失敗は起こるものと捉え、世界をつくり変えて未来を創造する名経営者 イーロン・マスク

 新聞、テレビ、ネットのニュースで盛んに取り上げられているSDGs。SDGsとは、「持続可能でより良い社会の実現を目指す国際的な取り組み」のことです。しかし、その実態は、投資家等に見放されないようにする為の取り組みにすぎず、企業価値を上げる為の手段の一つの位置づけである企業が多数です。そんな中、人類にとってより良い社会の実現、持続可能な社会の創出を目的として宇宙ロケットの企業『スペースX社』・電気自動車メーカーの『テスラ・モーターズ社』を立ち上げたイーロン・マスクを今回の題材とします。

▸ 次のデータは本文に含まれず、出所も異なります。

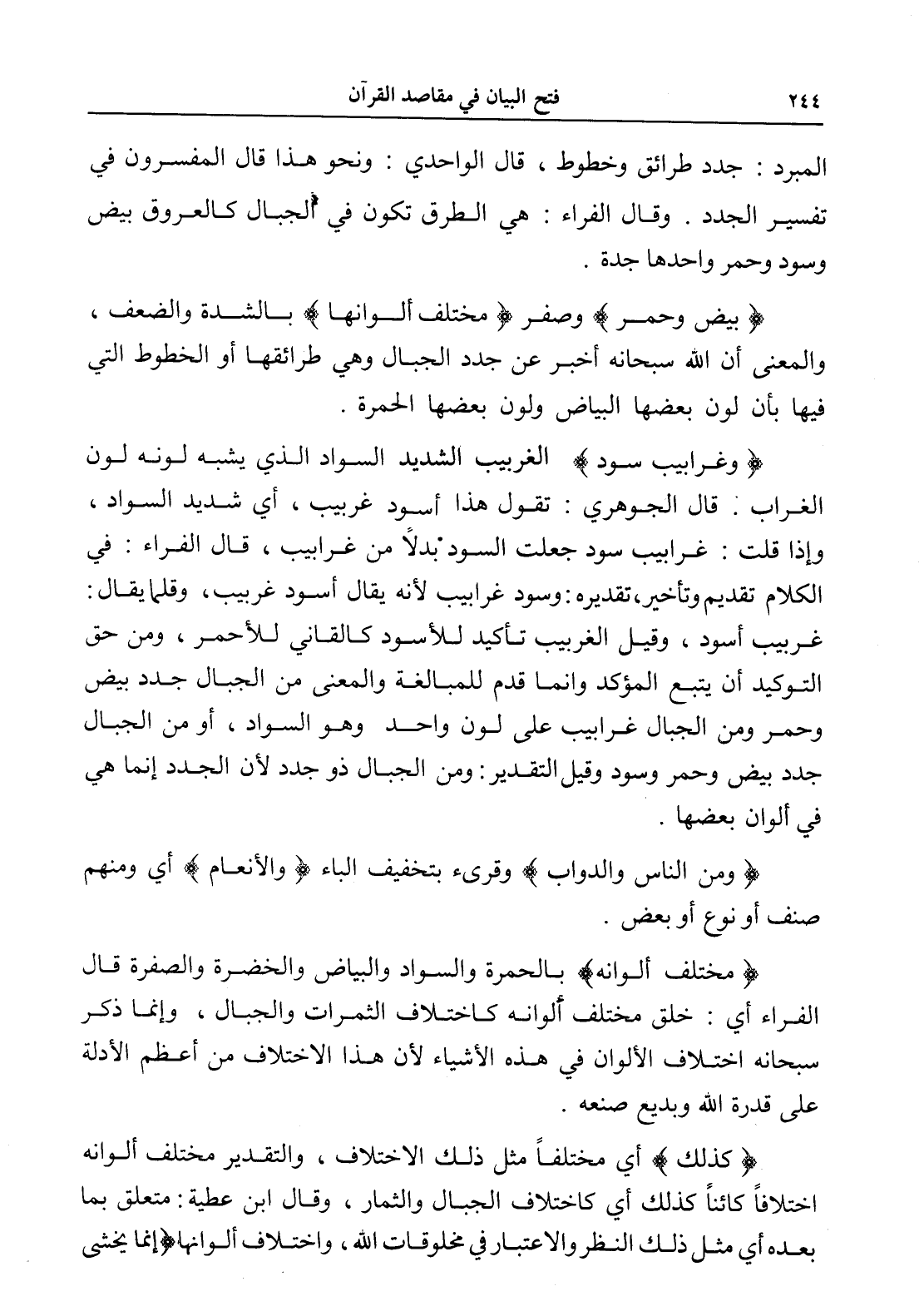 (بيض وحمر) وصفر (مختلف ألوانها) بالشدة والضعف، والمعنى أن الله سبحانه أخبر عن جدد الجبال وهي طرائقها أو الخطوط التي فيها بأن لون بعضها البياض ولون بعضها الحمرة.

 イーロン・マスクは、1971年6月、南アフリカ共和国の首都ブレトリアで、三人兄弟の長男として生まれました。1988年にカナダに渡り、1990年、カナダのクイ-ンズ大学に入学しましたが、1992年、アメリカのペンシルバニア大学に編入し、物理学、経営学を学びます。1995年にスタンフォード大学大学院に入学しましたが、2日で退学してしまいます。その後、弟のキンバル・マスクと共に、オンラインコンテンツ出版ソフトを提供するZip2社を起業し、1999年Zip2をコンパックに売却しています。

 イーロンは、人類にとってより良い社会の実現、持続可能な社会の創出を目的として掲げ、その為に必要な会社を立ち上げています。2002年、火星に人類を移住させる為、宇宙ロケットベンチャー『スペースX社』、2004年、火星移住ロケットが完成するまで、CO2による環境悪化を食い止める為、電気自動車ベンチャー 『テスラ・モーターズ社』、2006年、太陽光発電会社『ソーラーシティ』です。

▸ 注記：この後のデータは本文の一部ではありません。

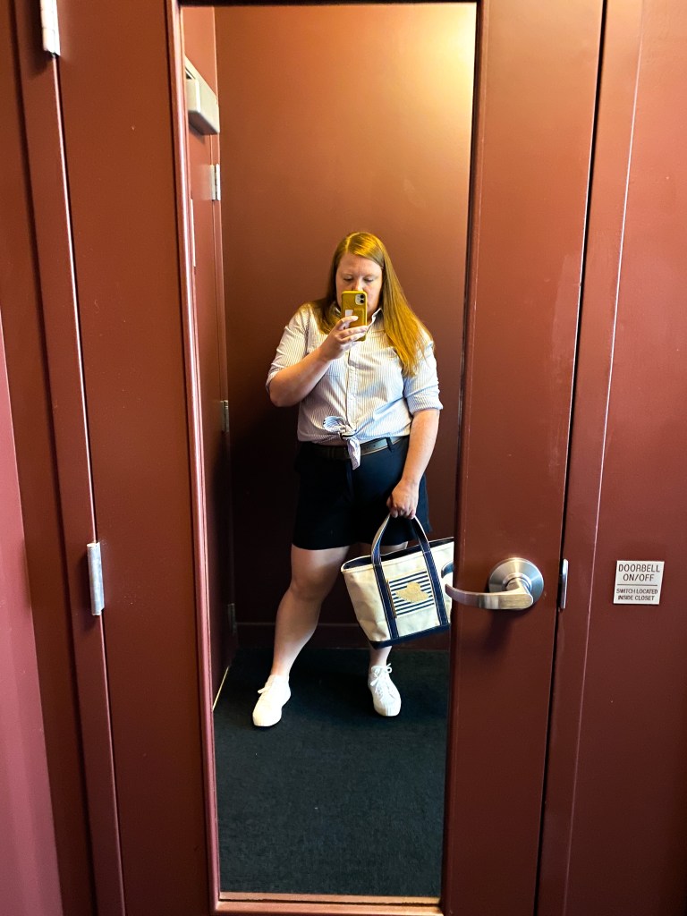 I was also very nervous that it wasn’t going to fit in between the two handles of the L.L. Bean Boat Tote that I had always envisioned it finished on. But it fits perfectly, and this has become my favorite summer bag for summer 2022.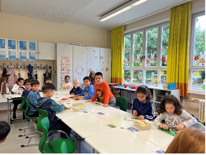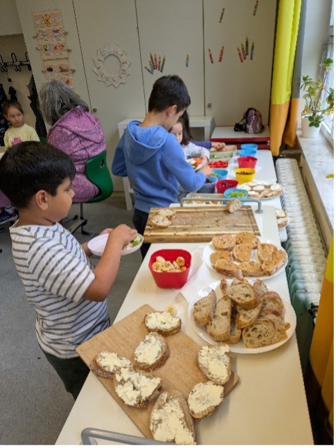 Es gab viel Obst und Gemüse, das kleingeschnitten und angerichtet werden musste. Einige Kinder beschmierten Brote mit Käse und Erdnussbutter.

 スペースXは、2006年、第1回目「ファルコン1」1号機の打ち上げに失敗し、2008年、4度目である、「ファルコン1」の打ち上げを成功させ、民間ロケット初の地球軌道を飛行しています。2010年、宇宙船ドラゴンが民間初で地球を周回後、無事帰還しています。2012年、宇宙船ドラゴンが民間初の国際宇宙ステーションとのドッキングに成功しています。しかし2013年、ファルコン9の1段目ロケットが洋上着水に挑戦するも失敗に終わります。2015年、ファルコン9の1段目ロケットが史上初で陸上着陸に成功し、2017年、ファルコン9で一度使用した機体を再利用した宇宙船ドラゴンの打ち上げの成功は史上初のことでした。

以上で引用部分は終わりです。